■ Records from a collection
* * * * * * * * *
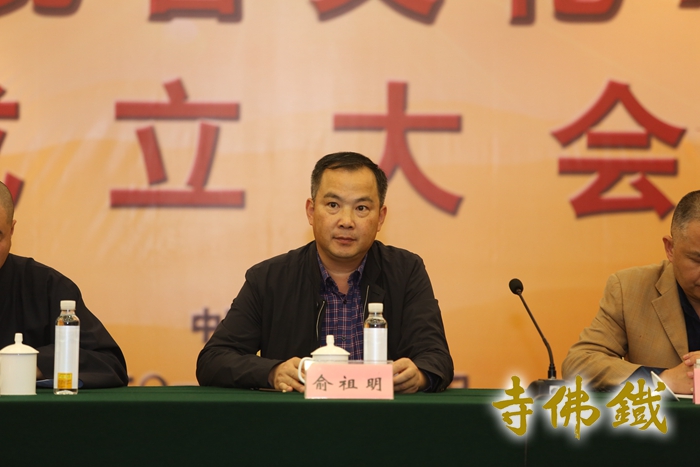 湖州市民政局社会组织管理局局长俞祖明宣读《关于成立湖州市观音文化研究会的决定》
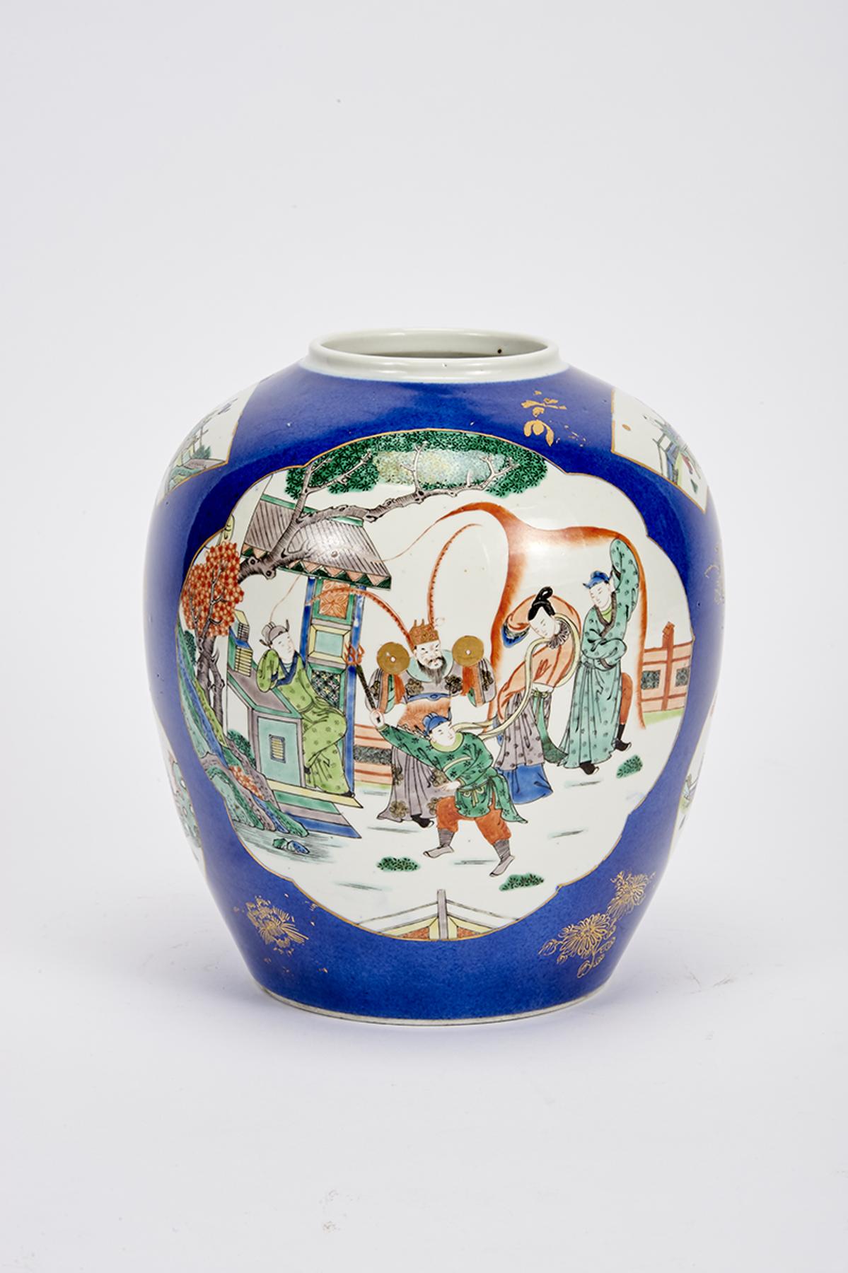 - decoração a azul e dourado, reservas policromadas "Figuras orientais"
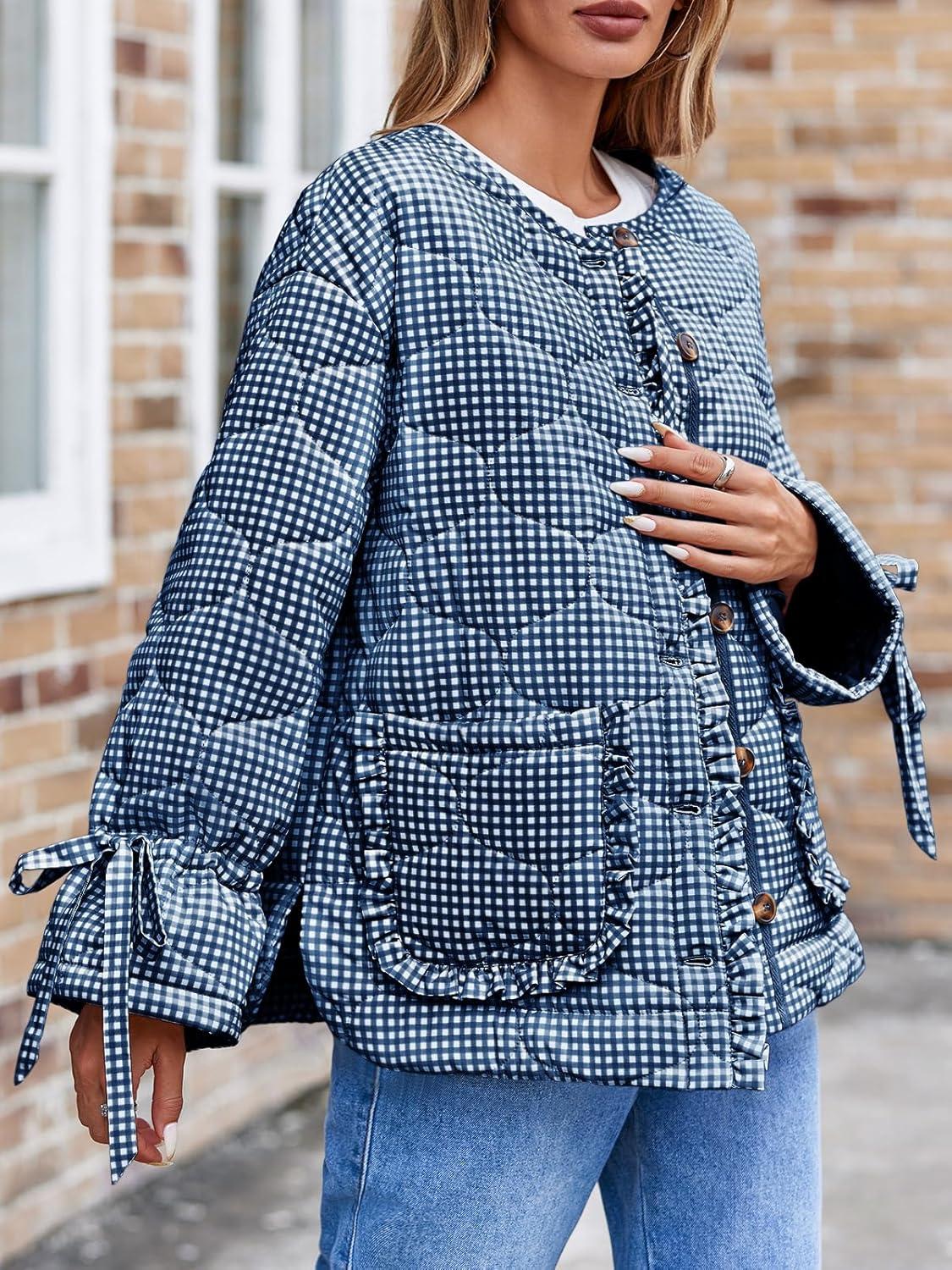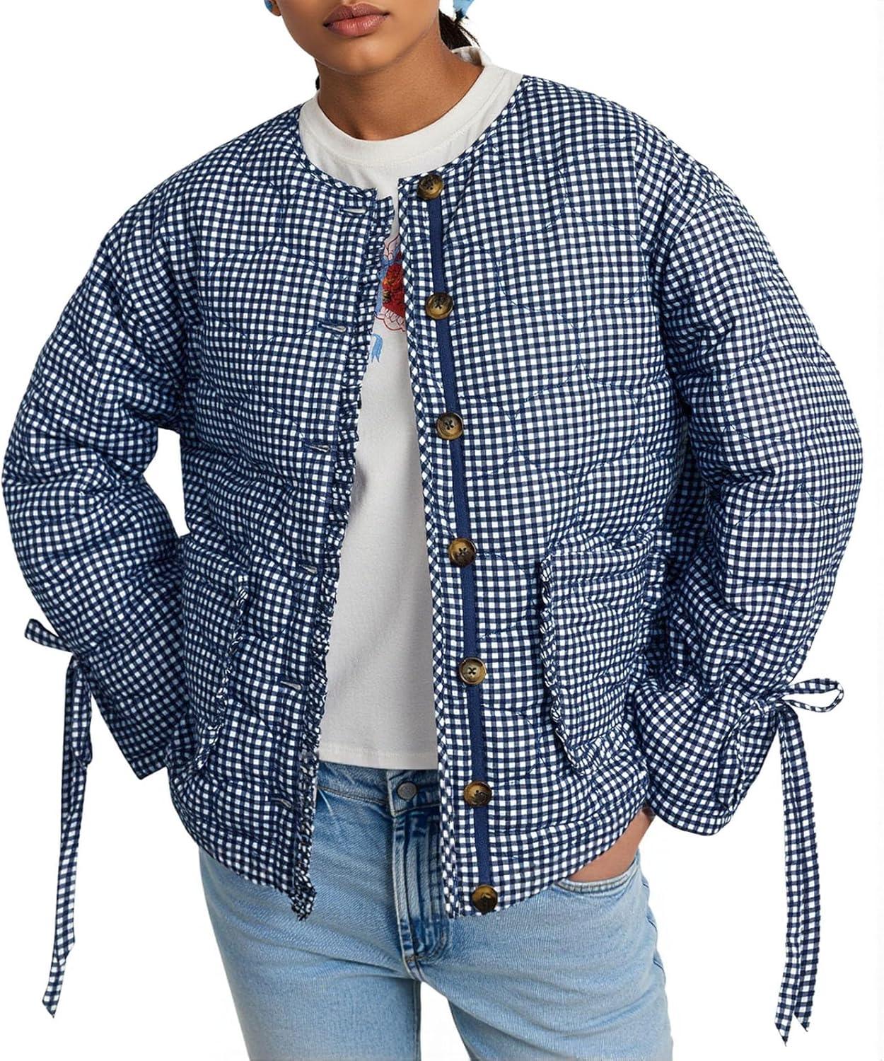 Tankaneo Womens Cropped Quilted Puffer Jackets Lightweight Plaid Button Down Bow Padded Down Coat(Navy)
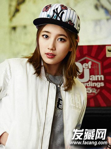 适合齐肩发MM打理的一款韩式韩式中短发发型,挑染的中分露额披肩发清新随性,简约的棕色系染发衬托肤色,搭配棒球帽,甜美个性的学生发型设计。
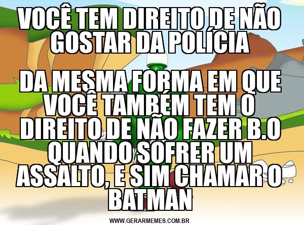 VOCÊ TEM DIREITO DE NÃO GOSTAR DA POLÍCIA DA MESMA FORMA EM QUE VOCÊ TAMBÉM TEM O DIREITO DE NÃO FAZER B.O QUANDO SOFRER UM ASSALTO, E SIM CHAMAR O BATMAN
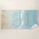 This beach towel design in the soft colours of sea and sand allows you to easily add your own name and text using the provided template. The simple Adirondack chairs image on a distressed, watercolor background is highlighted by a wave accent in aqua and white. Search ID623 to see coordinating seaside elements and additional products with this design.
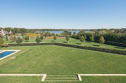 Spacious and beautifully appointed traditional with guest house and pool house, stunning views of Mill Pond, multiple entertaining areas and all the bells and whistles. Featuring a grand gourmet kitchen, formal dining room, family room, living room, office, den/entertaining room with bar, media room, 7 en suite bedrooms in main house, including two masters, 3 half baths. The private guest house has two additional bedrooms with 1.5 bathrooms, kitchen and living space. There is a fully equipped gym on the 2nd soltory overlooking Mill Pond. Pool house includes loft area with kitchen, and bathroom. Finished lower level features a 9 hole putting course. Also includes tennis, gunite pool and spa,on 4 gorgeous acres. Conveniently located close to town and beaches, 10 minutes to Shinnecock.
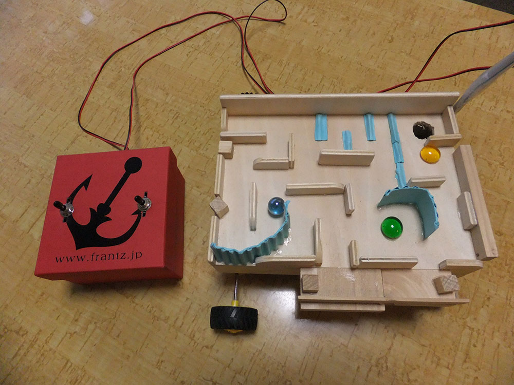 作者: きゃず さん (小5・千葉)きゃずさんの作品は、一見すると夏休み工作の定番ネタともいえる迷路工作。うわ懐かしい…と思いきや、迷路にはなにやらタイヤがついていて、さらにはリモコンボックスも! 実はこれ、迷路自体がリモコン車両。迷路上のビー玉の動きをリモコン制御でコントロールする次世代迷路工作なのです! ただでさえ難しいビー玉迷路が、リモコン操縦を介することによって難易度倍増。「イライラ迷路」の名にふさわしい作品といえるでしょう!
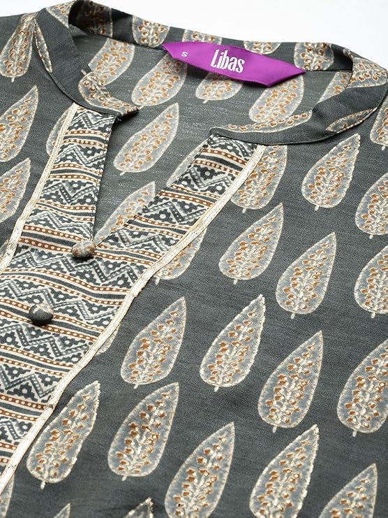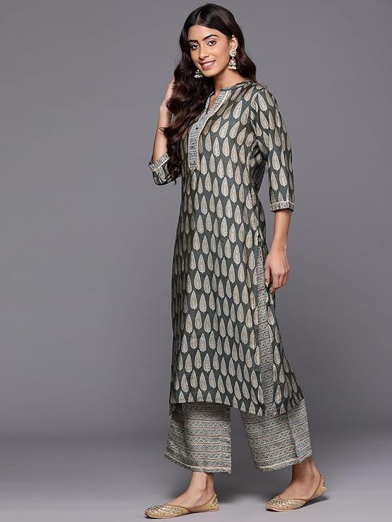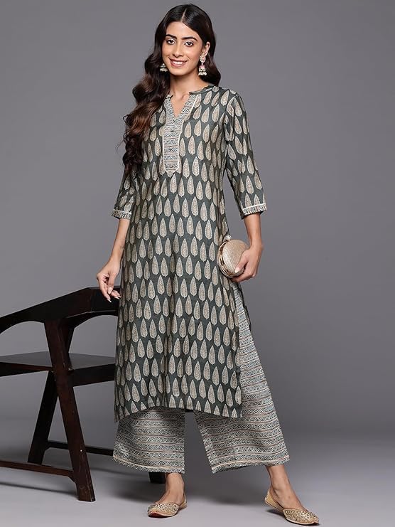 RAJMANDIRFABRICS Women's Cotton Embroidered With Lehriya Printed Straight Kurta Pant With Dupatta Set
* * * * * * * * *
The reply should hold exactly the lines above, starting at the line with "适合齐肩发MM打理的一款韩式" and ending at the line with "VOCÊ TEM DIREITO", and no pictures.

■ Output below
 适合齐肩发MM打理的一款韩式韩式中短发发型,挑染的中分露额披肩发清新随性,简约的棕色系染发衬托肤色,搭配棒球帽,甜美个性的学生发型设计。
 VOCÊ TEM DIREITO DE NÃO GOSTAR DA POLÍCIA DA MESMA FORMA EM QUE VOCÊ TAMBÉM TEM O DIREITO DE NÃO FAZER B.O QUANDO SOFRER UM ASSALTO, E SIM CHAMAR O BATMAN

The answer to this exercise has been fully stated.